The drive to remove redundancies is widely seen as a good thing. Christoph Knabe sees how it has influenced programming languages.

Since the beginning of programming, redundancies in source code have prevented maintenance and reuse. By ‘redundancy’ we mean that the same concept is expressed in several locations in the source code. Over the last 50 years the efforts to avoid redundancies [Wikipedia] have inspired a large number of programming constructs. This relationship is often not obvious to the normal programmer. Examples include relative addressing, symbolic addressing, formula translation, parameterizable subroutines, control structures, middle-testing loops, symbolic constants, preprocessor features, array initialization, user defined data types, information hiding, genericity, exception handling, inheritance, dynamic dispatch, aspect oriented programming, functional programming, and even program generators and relational databases. These constructs are discussed using examples from 14 widely used programming languages. Whosoever understands the common concept is well equipped for the future.

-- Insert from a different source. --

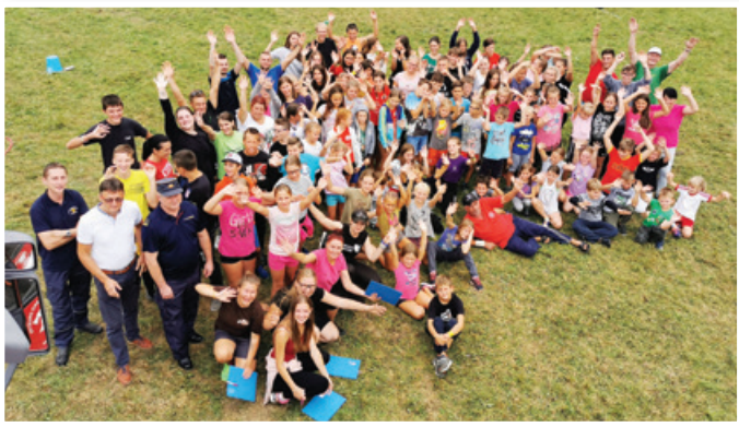
9. tabor gasilske mladine GZ Lenart

Brez pretiravanja lahko trdimo, da so ženske pomemben del gasilstva. Delujejo v društvih, kjer opravljajo številne naloge: so podpora svojim operativnim članom (gasilstvo je v veliki meri družinska tradicija), so tajnice, blagajničarke, mladinske mentorice in v zadnjem času tudi enakovredne članice operativnih enot – kot fantje in može imajo potrebna specialna znanja. Letos so pripravile in uspešno izvedle že 7. operativno vajo za članice GZ Lenart. V njej se sodelovalo 57 gasilk; dobro delo v komisiji za članice je bilo nagrajeno s tem, da je bilo predsednici naše komisije zaupano vodenje regijske

What can the Zuse computer say today?

Architecture of the Zuse 22

The design of the Z22 was finished by about 1955, and 55 machines of this type were produced. It formed a whole generation of computer specialists in central Europe. The Z22 was characterized by:

  • hardware logic implemented by 600 tubes
  • working storage: a magnetic drum of 8192 words @ 38-bit
  • registers: a core memory of 14 words @ 38-bit
  • peripheral storage: 5 hole punched paper tape
  • console I/O: push buttons, glow-lamps, teletype with paper tape reader
  • operating frequency: 3 kHz

An instruction consisted of 38 bits: 2 with the value 10, then 5 for conditions, 13 for operations, 5 for a register address, and 13 for a working storage address. Each of the condition and operation bits was programmed by a specific letter and switched a specific gate.

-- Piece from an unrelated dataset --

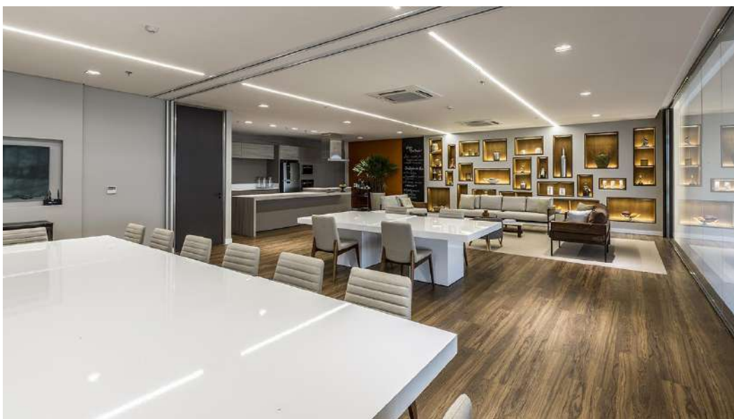
Foto 13 As salas no mezanino podem ser unificadas ou separadas por divisórias retráteis.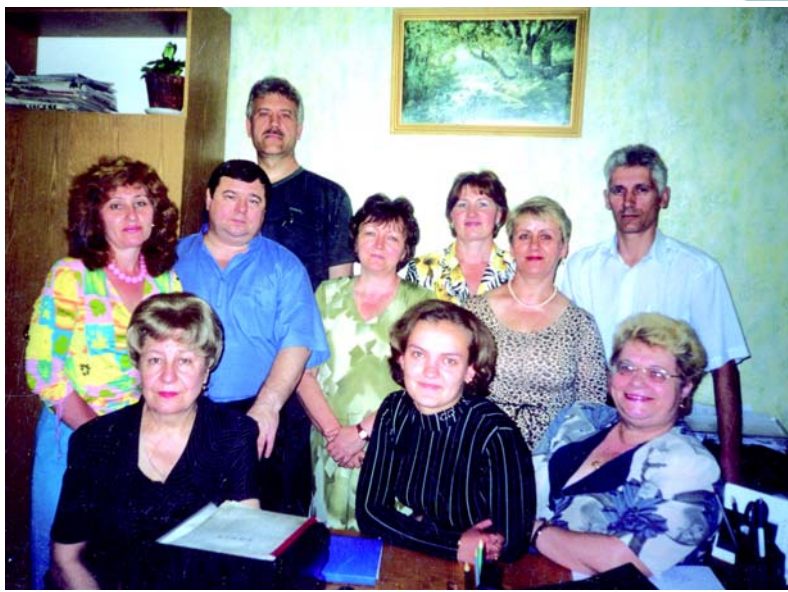
С коллегами по работе.

The registers could be accessed by their address, but some were used for special purposes by some operations. Access time for registers was always one CPU cycle, for drum words only if they were accessed in sequence.

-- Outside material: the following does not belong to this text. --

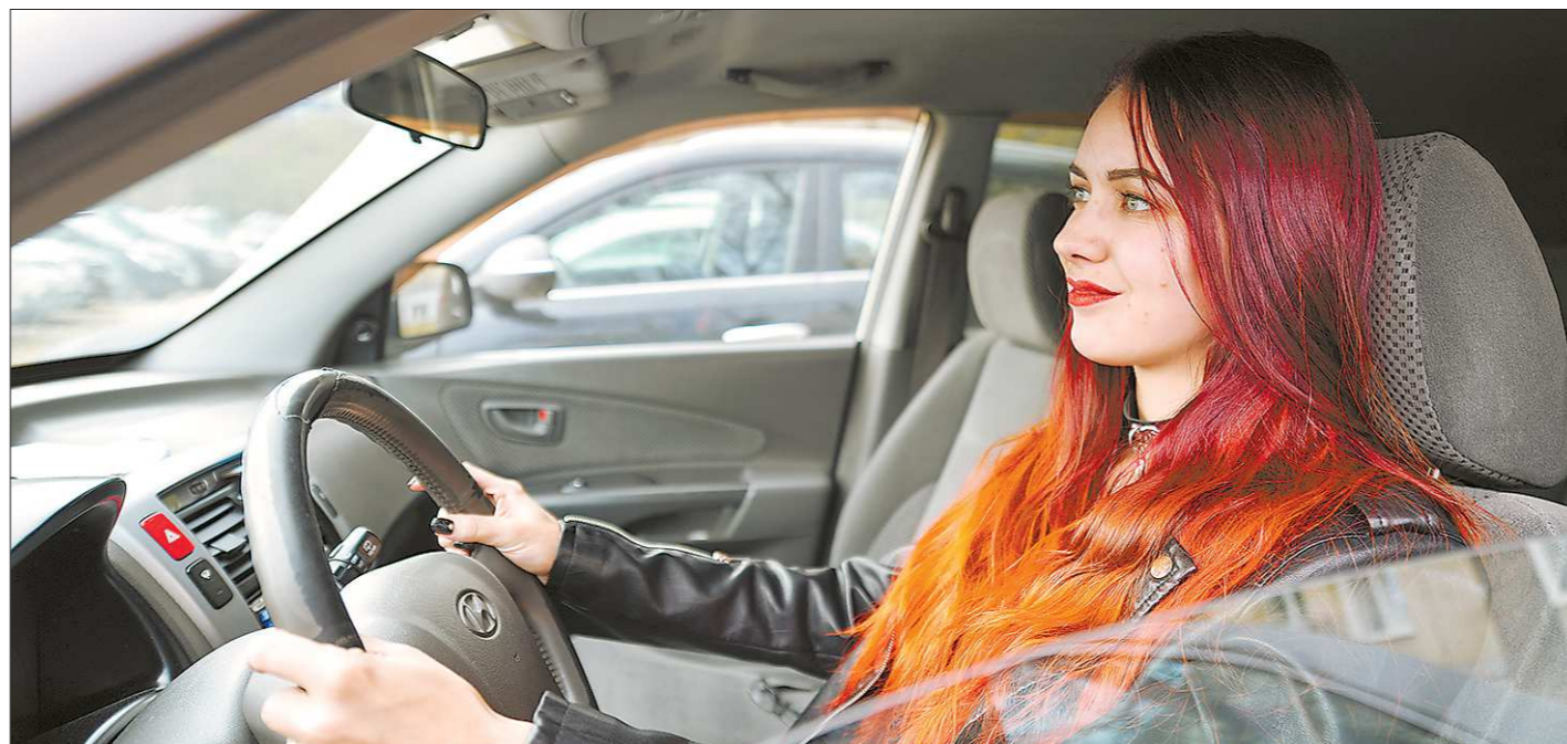
Актуальную информацию о ситуации на дорогах водители теперь узнают по радио

Получить консультацию о сумме имущественных налогов (за квартиру, жилой дом, земельный участок, автомобиль) и порядке их исчисления можно в ходе Дней открытия всех налоговых инспекций страны 9 и 10 ноября 2018 года. В рамках мероприятия всем желающим расскажут также о действующих в регионе ставках и льготах, ответят на другие вопросы по теме налогообложения имущества. Все желающие смогут подключиться к интернет-сервису «Личный кабинет налогоплательщика для физических лиц», а посетителям, которые не получили по каким-либо причинам налоговое уведомление, специалисты УФНС выдают копию неполученного уведомления с расчётом суммы платежа за каждое подлежащее налогообложению объекту и квитанцией на уплату, которые в адрес свердловчан были направлены ещё в июле текущего года.

Some Registers of the Z22:

Number Special Usage
2 Testable by P or Q if positive or negative
3 Overflow area for accumulator, last bit testable by Y
4 Accumulator, filled by B, added by A, etc., testable by PP etc.
5 Stores return address for subroutines, filled by F

The Zuse 23 of 1961 was logically equivalent, but was implemented using transistors. It had 40-bit words and up to 255 registers.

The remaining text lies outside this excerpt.